== TASK BRIEF ==
For the data below, transcribe the part that opens with the line containing "廣州市玖仁生物科技有限公司坐" and closes with the line containing "Bakan Özer, ‘’", exactly and with no pictures.

== DATASET CONTENT ==
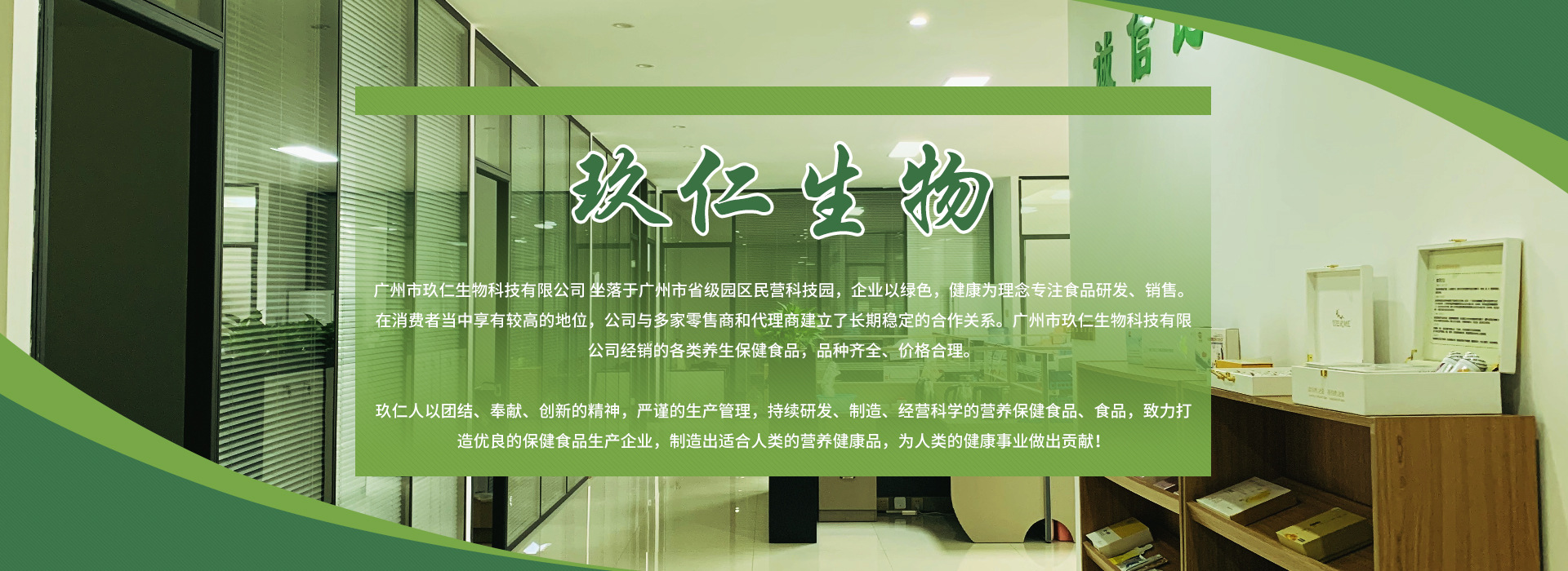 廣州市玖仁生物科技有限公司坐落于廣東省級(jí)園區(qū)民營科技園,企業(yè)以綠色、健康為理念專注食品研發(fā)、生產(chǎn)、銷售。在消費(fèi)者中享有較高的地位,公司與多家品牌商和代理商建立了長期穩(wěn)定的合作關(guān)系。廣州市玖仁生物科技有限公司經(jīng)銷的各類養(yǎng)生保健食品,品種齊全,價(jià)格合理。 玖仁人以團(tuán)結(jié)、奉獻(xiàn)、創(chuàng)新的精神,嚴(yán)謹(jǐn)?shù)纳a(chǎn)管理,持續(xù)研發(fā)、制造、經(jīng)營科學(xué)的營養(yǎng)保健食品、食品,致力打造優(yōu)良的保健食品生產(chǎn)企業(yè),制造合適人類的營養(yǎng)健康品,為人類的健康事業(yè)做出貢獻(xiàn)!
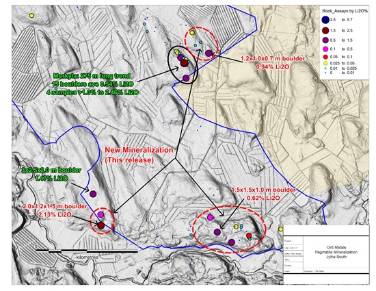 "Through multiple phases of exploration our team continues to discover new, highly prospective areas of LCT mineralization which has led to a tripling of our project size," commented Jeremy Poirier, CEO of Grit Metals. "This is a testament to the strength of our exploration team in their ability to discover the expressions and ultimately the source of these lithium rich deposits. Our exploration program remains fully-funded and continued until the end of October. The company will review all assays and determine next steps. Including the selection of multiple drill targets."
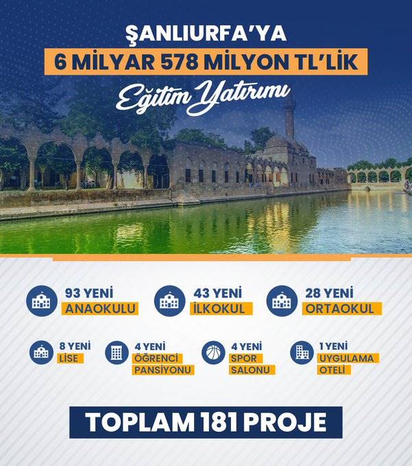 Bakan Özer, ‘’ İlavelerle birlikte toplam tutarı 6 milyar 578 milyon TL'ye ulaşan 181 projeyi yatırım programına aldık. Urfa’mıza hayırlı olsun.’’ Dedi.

* * *

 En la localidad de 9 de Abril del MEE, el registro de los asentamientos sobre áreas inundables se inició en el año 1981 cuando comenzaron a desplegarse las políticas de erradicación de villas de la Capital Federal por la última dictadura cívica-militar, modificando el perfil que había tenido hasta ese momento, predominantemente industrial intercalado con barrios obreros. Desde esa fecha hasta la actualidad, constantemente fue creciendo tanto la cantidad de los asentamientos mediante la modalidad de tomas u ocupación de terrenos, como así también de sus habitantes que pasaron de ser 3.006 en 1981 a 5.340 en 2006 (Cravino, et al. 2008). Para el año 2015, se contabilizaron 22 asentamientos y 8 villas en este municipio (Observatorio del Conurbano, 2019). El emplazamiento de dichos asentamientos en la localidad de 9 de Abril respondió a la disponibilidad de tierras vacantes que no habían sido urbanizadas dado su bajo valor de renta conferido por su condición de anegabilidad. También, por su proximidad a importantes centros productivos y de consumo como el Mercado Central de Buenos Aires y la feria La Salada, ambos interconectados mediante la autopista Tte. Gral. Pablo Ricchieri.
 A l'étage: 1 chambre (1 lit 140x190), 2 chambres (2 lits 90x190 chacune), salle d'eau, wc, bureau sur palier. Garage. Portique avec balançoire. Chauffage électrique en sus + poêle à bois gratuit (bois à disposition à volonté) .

== SOLUTION TO THIS PROBLEM ==
 廣州市玖仁生物科技有限公司坐落于廣東省級(jí)園區(qū)民營科技園,企業(yè)以綠色、健康為理念專注食品研發(fā)、生產(chǎn)、銷售。在消費(fèi)者中享有較高的地位,公司與多家品牌商和代理商建立了長期穩(wěn)定的合作關(guān)系。廣州市玖仁生物科技有限公司經(jīng)銷的各類養(yǎng)生保健食品,品種齊全,價(jià)格合理。 玖仁人以團(tuán)結(jié)、奉獻(xiàn)、創(chuàng)新的精神,嚴(yán)謹(jǐn)?shù)纳a(chǎn)管理,持續(xù)研發(fā)、制造、經(jīng)營科學(xué)的營養(yǎng)保健食品、食品,致力打造優(yōu)良的保健食品生產(chǎn)企業(yè),制造合適人類的營養(yǎng)健康品,為人類的健康事業(yè)做出貢獻(xiàn)!
 "Through multiple phases of exploration our team continues to discover new, highly prospective areas of LCT mineralization which has led to a tripling of our project size," commented Jeremy Poirier, CEO of Grit Metals. "This is a testament to the strength of our exploration team in their ability to discover the expressions and ultimately the source of these lithium rich deposits. Our exploration program remains fully-funded and continued until the end of October. The company will review all assays and determine next steps. Including the selection of multiple drill targets."
 Bakan Özer, ‘’ İlavelerle birlikte toplam tutarı 6 milyar 578 milyon TL'ye ulaşan 181 projeyi yatırım programına aldık. Urfa’mıza hayırlı olsun.’’ Dedi.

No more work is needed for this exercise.